Re: Using 128-bit integers for sum, avg and statistics aggregates

From: David Rowley <dgrowleyml(at)gmail(dot)com>
To: Andreas Karlsson <andreas(at)proxel(dot)se>
Cc: Alvaro Herrera <alvherre(at)2ndquadrant(dot)com>, PostgreSQL-development <pgsql-hackers(at)postgresql(dot)org>
Subject: Re: Using 128-bit integers for sum, avg and statistics aggregates
Date: 2014-12-26 12:57:33
Message-ID: CAApHDvp9ZUC5fUur-_5nJ7VPUYe_G+pcUTb73pvw0k0rH6xgzg@mail.gmail.com
Views: Raw Message | Whole Thread | Download mbox | Resend email
Thread:
Lists: pgsql-hackers

On 24 December 2014 at 16:04, Andreas Karlsson <andreas(at)proxel(dot)se> wrote:

On 12/16/2014 11:04 AM, David Rowley wrote:> These are some very promising
> performance increases.
>
>>
>> I've done a quick pass of reading the patch.
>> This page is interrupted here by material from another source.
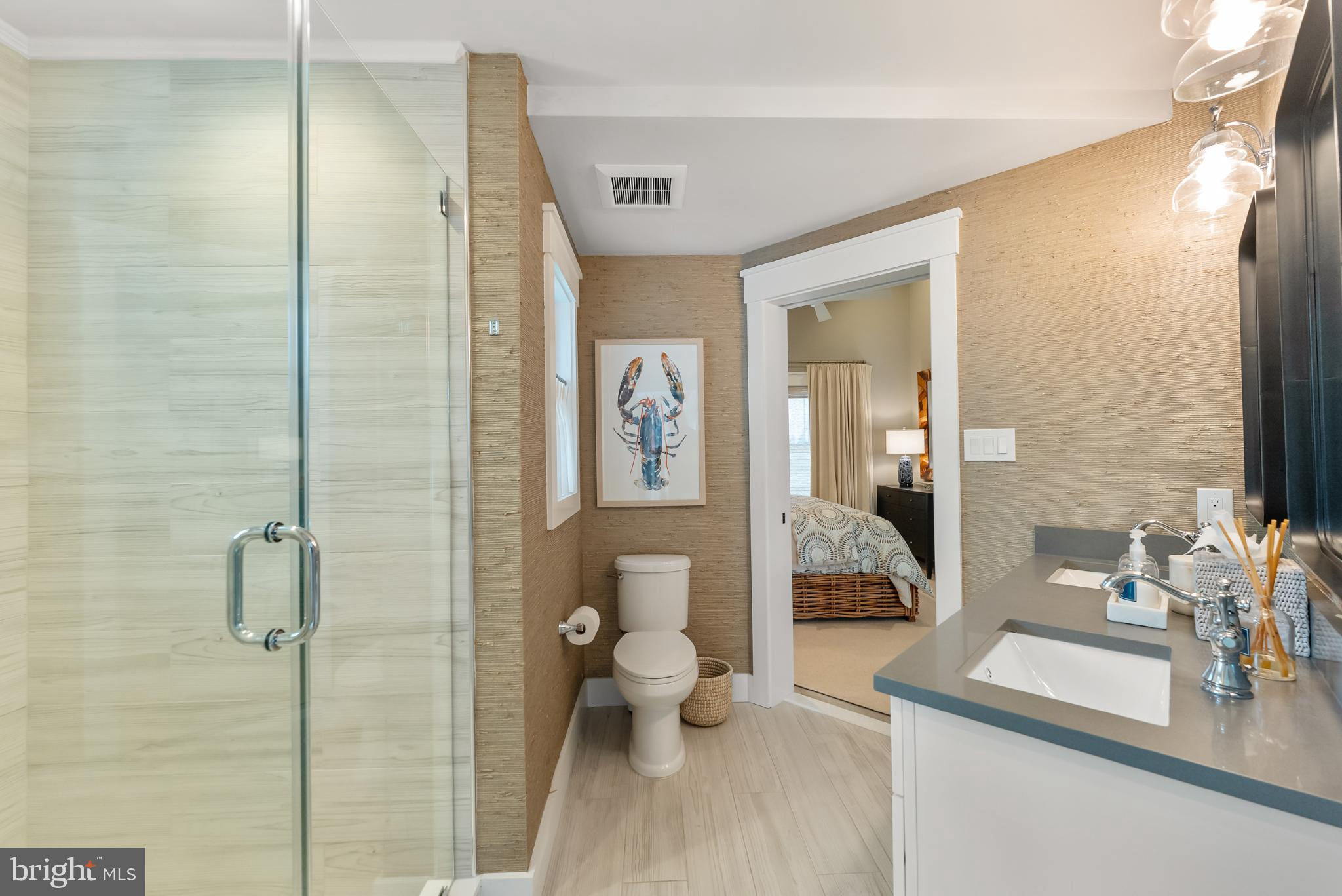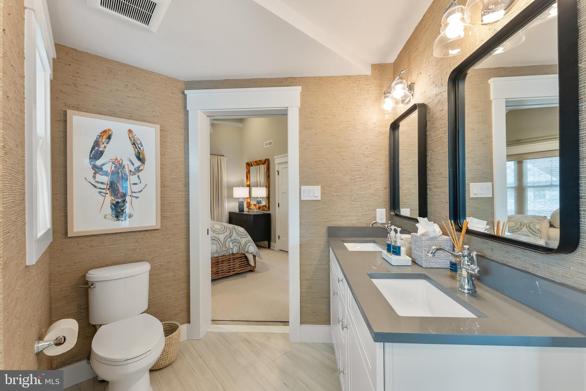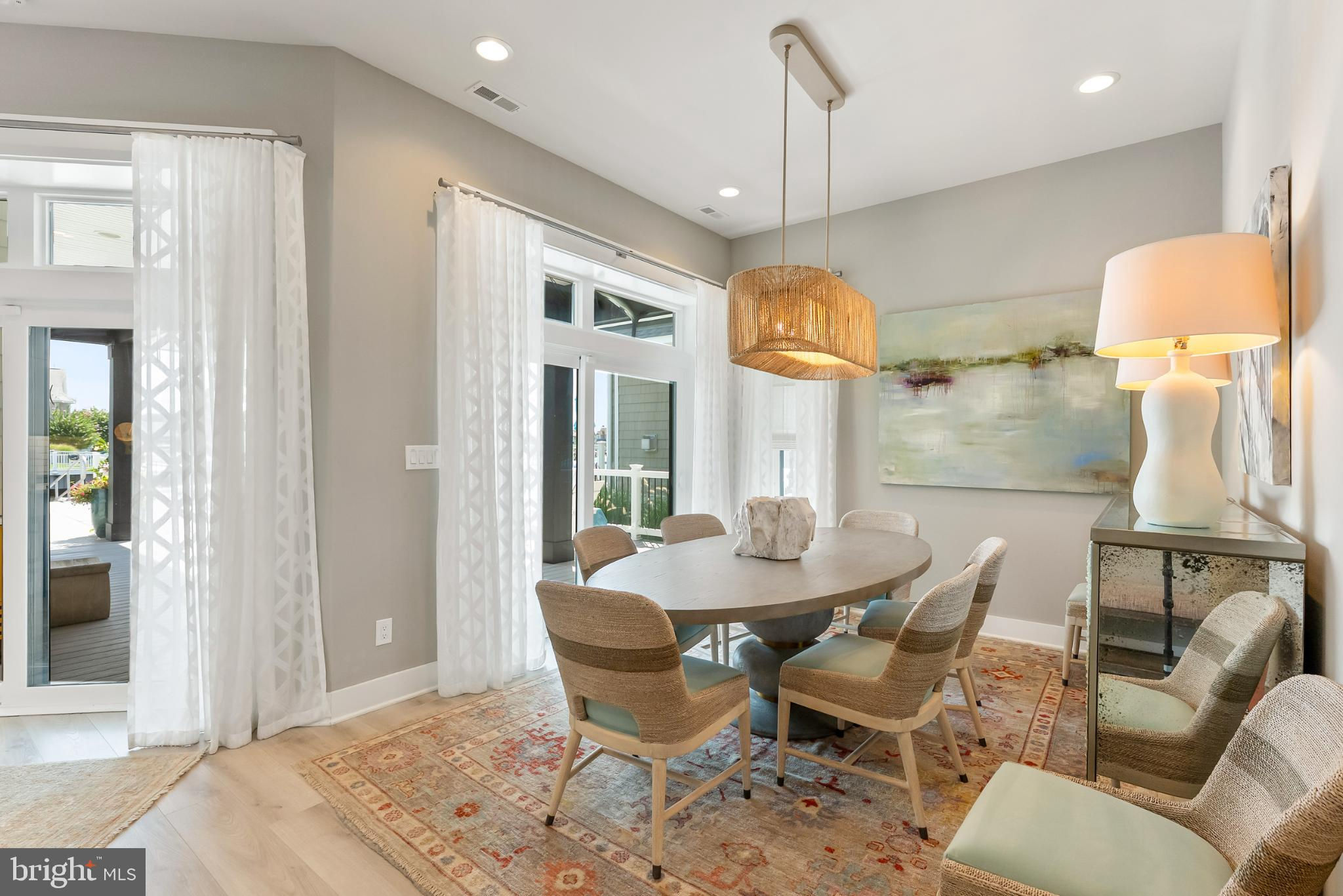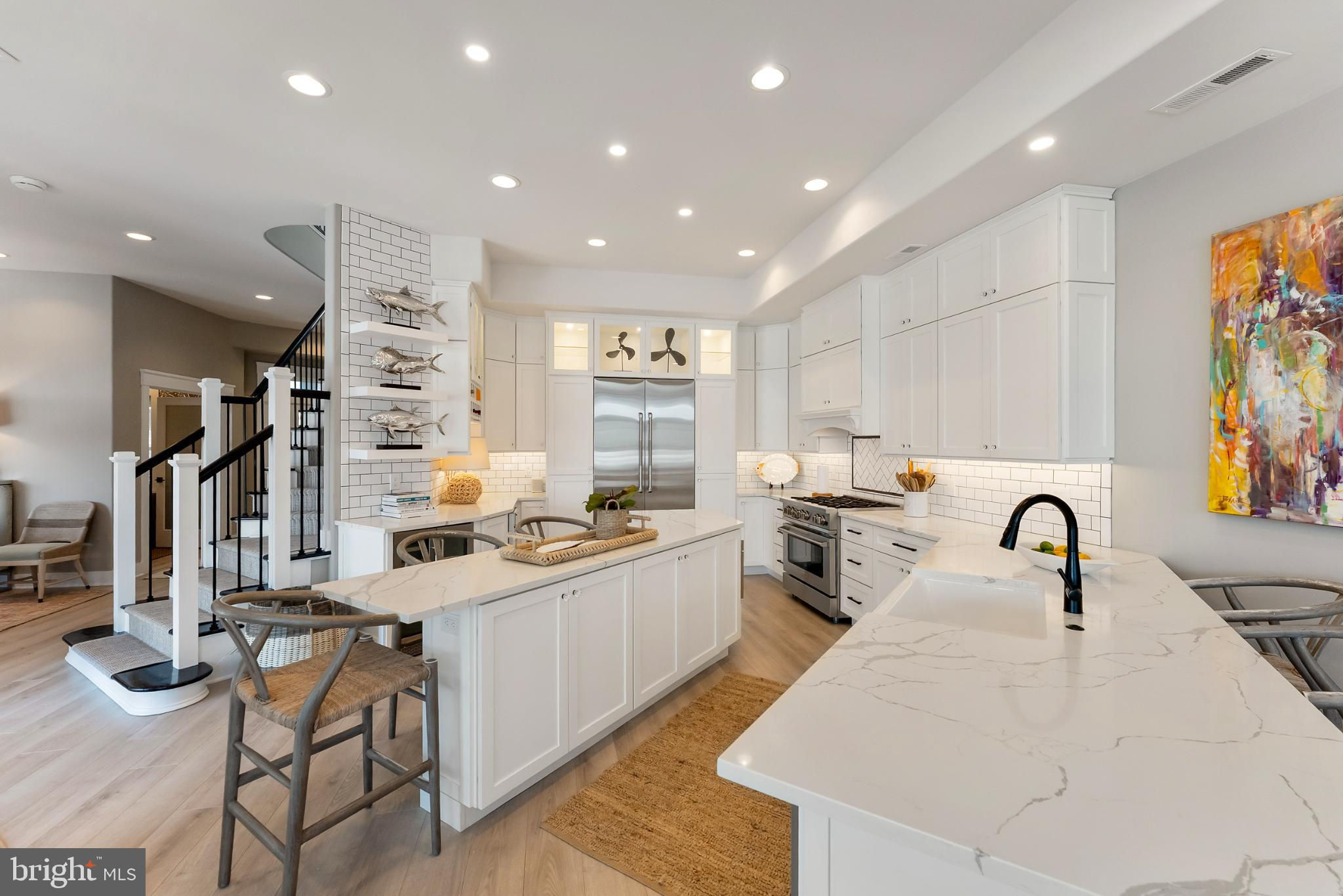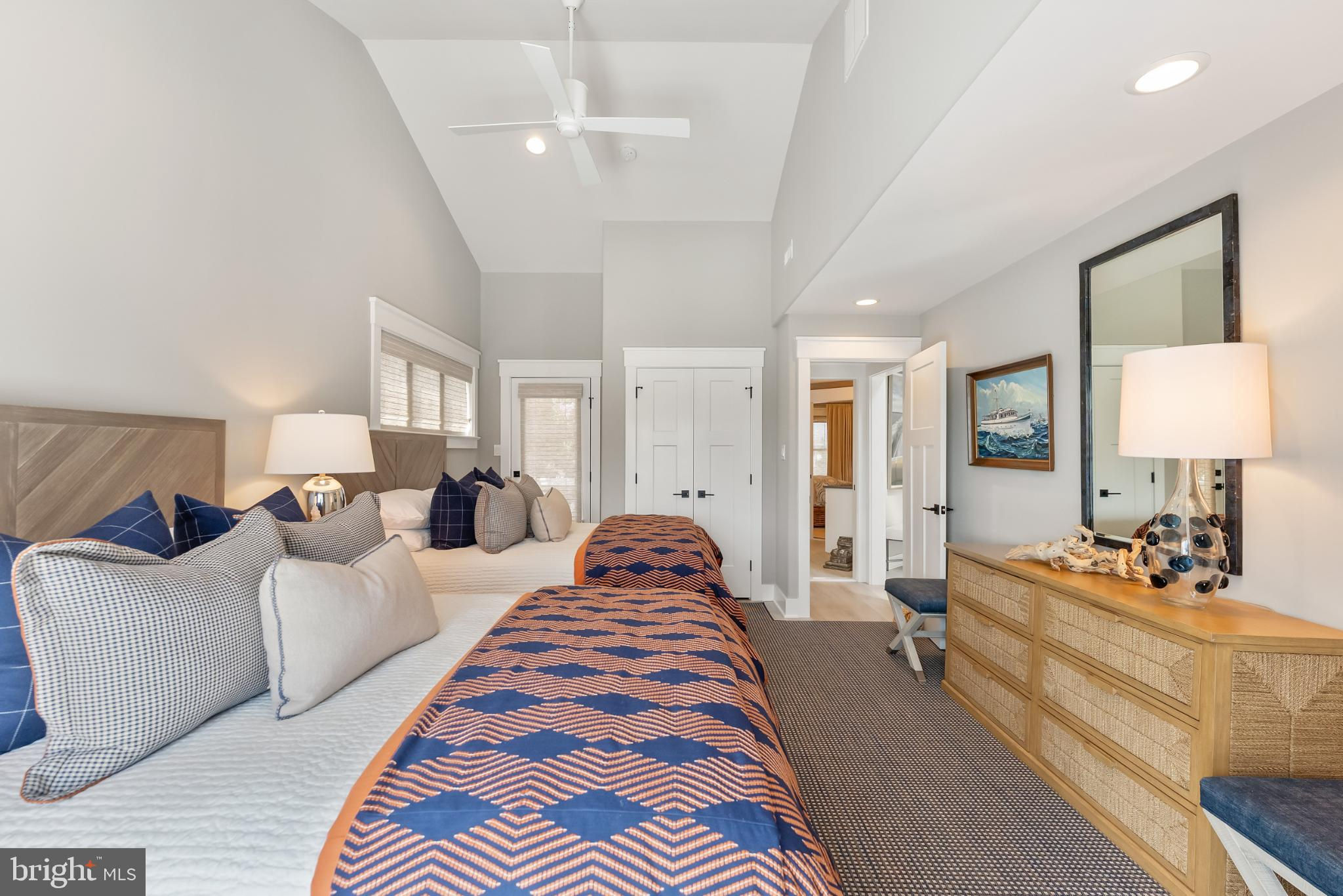 Riviera waterfront • Heated saltwater pool • Three boat slips • Reimagined 2020 • Quartz kitchen • 12’ ceilings • Outdoor kitchen + firepit • Furnished designer interior Life in Ocean City’s prestigious Riviera section offers a rare blend of serenity and sophistication. Just a few hundred yards from the Intracoastal Waterway, this lagoon-front residence spans roughly 3,400 square feet of refined coastal design. Reimagined in 2020, the home blends fresh coastal materials with enduring craftsmanship. Twelve-foot ceilings and open sightlines define the main level, creating an atmosphere of volume and light. Every detail—from architectural millwork to designer lighting—reflects thoughtful design and timeless quality. The kitchen showcases quartz countertops, a subway-tile backsplash, and a long central island designed for both cooking and gathering. Premium features include a Scotsman ice maker and built-in wine chiller, ideal for entertaining. Open to the living and dining areas, the kitchen captures shimmering lagoon views through walls of glass that blur the line between indoors and out. Practical touches include both an upstairs laundry room and a main-level laundry closet off the mudroom—perfect for rinsing beach towels or simplifying everyday living. Subtle coastal hues, custom window treatments, and designer furnishings bring a relaxed sense of polish throughout. Whether entertaining on the deck or enjoying quiet mornings by the lagoon, every space feels connected to the water. The primary suite overlooks the lagoon, with a sliding glass door that opens directly onto a deck positioned for sweeping water views. A vaulted ceiling enhances the sense of height and light, while a sitting area, oversized walk-in closet, and spa-style bath create a tranquil retreat that celebrates the home’s waterfront setting. Outdoors, the property becomes a private waterfront sanctuary. A heated saltwater pool anchors the setting beside a full outdoor kitchen and built-in gas firepit. The expansive deck invites alfresco dining, while three floating slips extend directly into the lagoon—ideal for boating, paddleboarding, or sunset cruises. Located within the sought-after Riviera section and just minutes from Ocean City’s beaches, marinas, and boardwalk, this property pairs comfort and convenience in equal measure. A two-car garage, updated systems, dual laundries, and curated 2020 finishes complete this exceptional offering. 2019 Glenwood Drive delivers waterfront elegance and turnkey ease on one of the island’s most desirable streets—a home where refined design meets effortless coastal living.

I currently don't have a
>> system with a 128bit int type, but I'm working on that.
>>
>
> Sorry for taking some time to get back. I have been busy before Christmas.
> A new version of the patch is attached.
>
>
Ok I've had another look at this, and I think the only things that I have
to say have been mentioned already:

1. Do we need to keep the 128 byte aggregate state size for machines
without 128 bit ints? This has been reduced to 48 bytes in the patch, which
is in favour code being compiled with a compiler which has 128 bit ints. I
kind of think that we need to keep the 128 byte estimates for compilers
that don't support int128, but I'd like to hear any counter arguments.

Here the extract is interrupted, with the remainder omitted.